Atlanta is no stranger to change. The symbol for the city is the Phoenix, the mythical bird that periodically regenerates itself through fire, as a way to represent the city’s rebirth after all but 400 buildings were burnt to the ground by General Sherman during the closing year of the Civil War. Atlanta was ground zero for the changes that came with the American civil rights movement being the birthplace of one of Dr. Martin Luther King. Now it is the face of the changing South: educated, diverse and cosmopolitan.
These changes have shaped the culture of the city in a identifiably unique way. But when it comes to the city itself, it has yet to be able to conjure an associable image in the general public mind. This might be about to change.
The Planning Commissioner for the City of Atlanta, Tim Keane, gave a speech last week at a ULI meeting in San Diego where he outlined his plans to integrate design into the fabric of the city. Keane came to Atlanta from Charleston, a city with a rich architectural history and a keen desire to keep it. Atlanta, he said, had a much different attitude historically.

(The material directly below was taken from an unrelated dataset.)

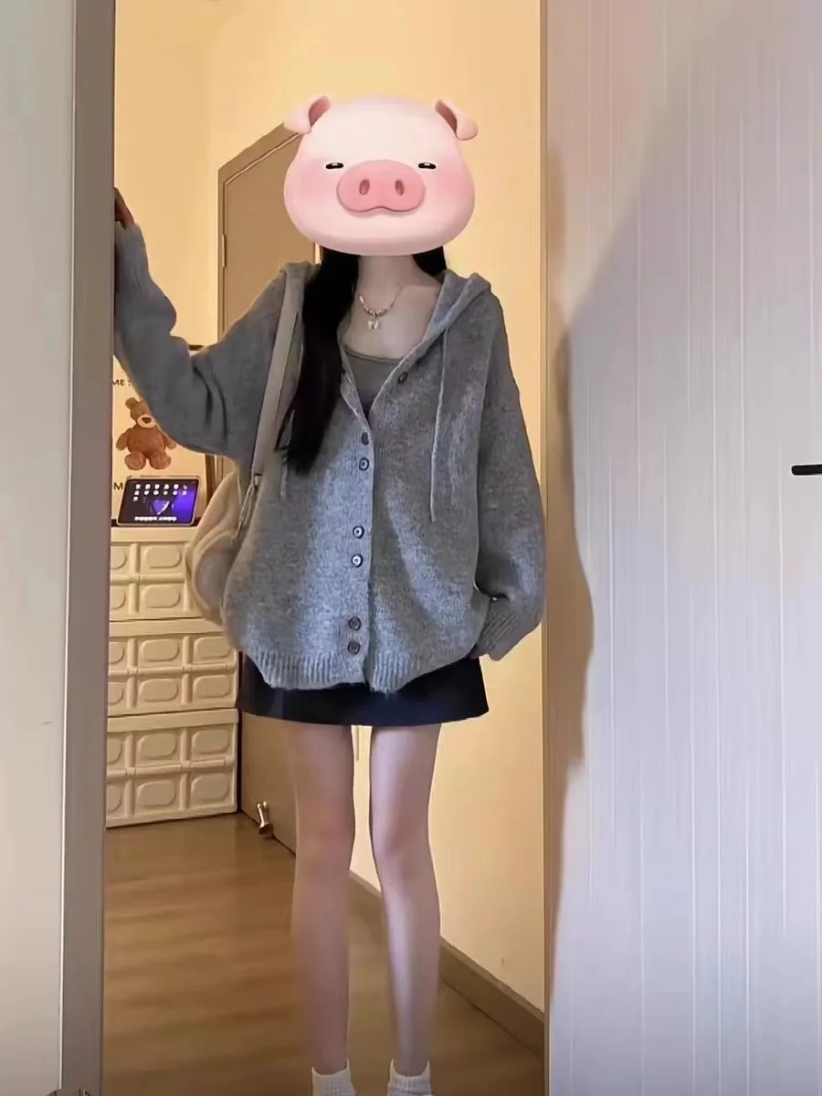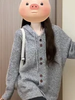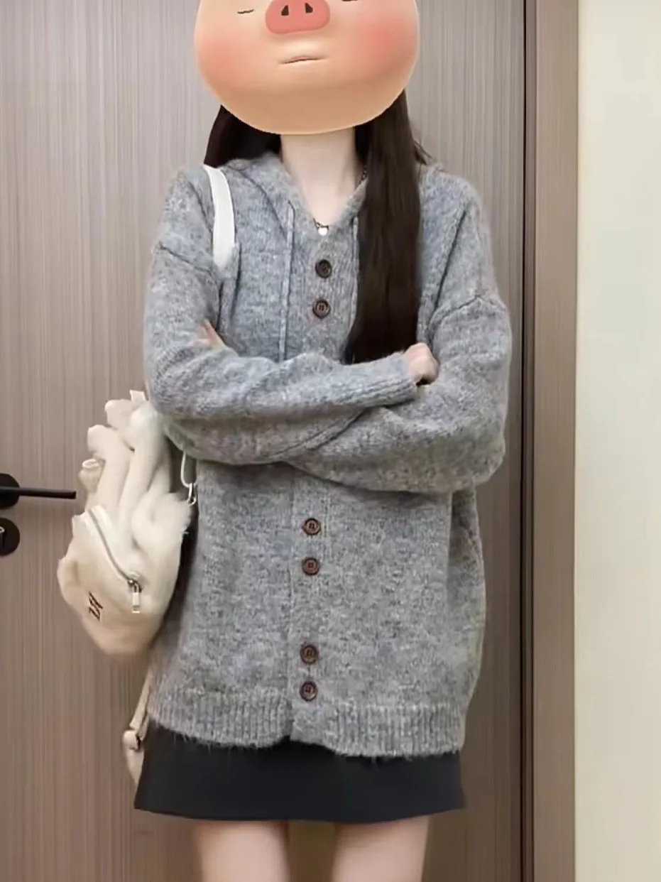 The grey hooded cardigan sweater features a loose fit design, offering comfort and a relaxed vibe for everyday wear.

The city center hit its peak population in 1970 at 485,000 inhabitants. At the time the region was boasting that it had just hit one million residents in a local ad campaign. Today the Atlanta metro has over six million people and is one of the fastest growing in the country, but the downtown area still only houses 485,000. “We have done phenomenally well at sprawl, as well as anyone,” Keane said, drawing chuckles from the crowd of real estate professionals and policymakers over their plate breakfasts.
He outlined that the first important step in integrating a design plan for a city is understanding what it has to offer. “The DNA of Atlanta is a dense urban core with single family and tree canopy around it,” Keane explained. “We have more tree canopy than any other city in America. Once we understood our city physically we could accentuate it and not try to change it or try to emulate what other cities were trying to do.”
He knew that the changes he was proposing had to be appealing to the citizens in order for them to accept. “People see something that they don’t want to see, they think all development is bad,” Keane said. “There are cities where they have done all this planning to enable development but the first building that was built was so bad that people said, “stop now,” and they had to go back and eliminate all the work that went into the proposals.”
To avoid this he wants to make the city a more integrated part of the development process. Currently, cities get involved in the design review stage, after the initial renderings have been submitted. This creates what he calls “Mr. Potatohead buildings.” He explained, “during a long public process, we end up attaching things to buildings, giving the building a hat, or a mustache to try to make it not so bad. Eventually, someone on the committee would say “this is taking too long” and we would push the design through.”
This resulted in a painful process for everyone involved and “C- buildings.” He wants to change this by being involved from the beginning of the planning stage, asking the designers about their vision, throughout the entitlement process. Helping craft ways for buildings to fit into the larger context of the city in both form and function and “reserving the right to say no to design even if it did get the zoning.”
This tactic seems to be working. It has helped change the city into a place where more people want to live and work. Atlanta native and startup founder Turner Levison told me that, “There have been a number of great civic project recently. The one impacted me the most personally is the work on traffic light technology to reduce traffic. While my company CommissionTrac was working out of Ponce City Market in Midtown last year during the Techstars Atlanta program, we were all directly benefiting from the reduction in traffic. They are piloting an intelligent lighting system that is all built to react to what’s happening in real time instead of on a pre-fixed timer. With Atlanta having tons of events, like the recent Super Bowl, NCAA football playoff games, or just our own Falcons and Hawks playing traffic can get crazy quickly when people are trying to get out of downtown/midtown. Reducing that makes it a much more attractive place to run a business.“
As Atlanta looks to yet again renew itself from the ashes of its former image there will likely be bumps along the way. Keane and his team expect the city to double its occupancy in the near future. That will likely get pushbacks from residents much like every other growing city in the country, if not the world, has. But they think that by keeping a design theme and working with the real estate community to make it easier to conform to it they will be able to accommodate the inflow and show the world that Atlanta has a downtown as vibrant and interesting as its people, art and culture.